Апрель — сентябрь 1916 г
5 апреля 1916 г. французский и британский послы сообщили Скулудису (греческому премьеру. — Ред.) о том, что союзники намерены переправить сербскую армию морем из Корфу в порт Патрас, оттуда по железной дороге до Афин, а затем через Лариссу в Салоники. Гийемен говорил решительно и даже грубо; его морской атташе много раз заверял его, что у греков можно угрозой добиться всего, но Скулудис остался непреклонным.
Отказ в пропуске сербских войск через территорию Греции буквально воспламенил Бриана.
В телеграмме из Парижа[4] Извольский сообщал, что французы решили осуществить строжайшую блокаду Греции; но англичане были против этого, предвидя, что такая мера сможет заставить греков демобилизоваться. В качестве компромисса они предложили, чтобы сербы были отправлены в Салоники через Коринфский залив; против этого Скулудис не возражал.
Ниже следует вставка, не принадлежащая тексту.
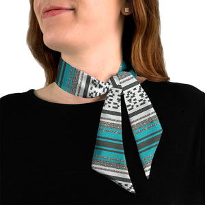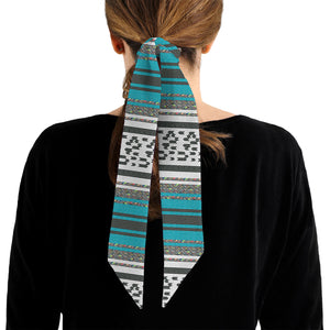 We use a high quality recycled polyester stretch poplin containing 86% recycled polyester, 14% spandex. Our hair scarves have a double-sided design with tapered ends.
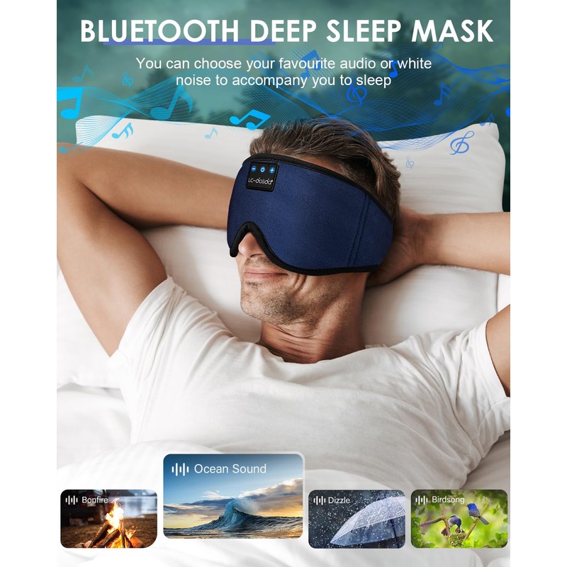 - REAL ICE SILK FABRICBluetooth sleeping headphones sleep mask is made of real ice silk, super soft just as smooth as baby's skin. The bluetooth sleep eye mask is the perfect Sleeping Headphones for side sleepers, choose LC-dolida sleeping bluetooth headphones, fall asleep fast, stay asleep and have a sweet dream

Русское правительство стало на ту же точку зрения и рекомендовало французам согласиться на компромисс. Это вызвало в Париже большое раздражение. Бриан предупредил греческого посла, что если хоть один транспорт с сербскими солдатами, направляемыми в Салоники, подвергнется торпедной атаке, это будет иметь гибельные последствия для Греции. Такое настроение создали у него секретные донесения де Рокфея, который страдал «субмаринной» манией. Тем не менее, к 29 мая 100 тыс. сербских солдат со всем их снаряжением были доставлены в Салоники без потери единого человека или багажного тюка.
Венизелос начал действовать открыто. Становилось очевидным, что своим поведением он изолировал себя от большинства соотечественников и что надежды на возвращение к власти он мог возлагать только на помощь союзников.
4
Русская «Белая книга», 1922 г. (Прим. пер.).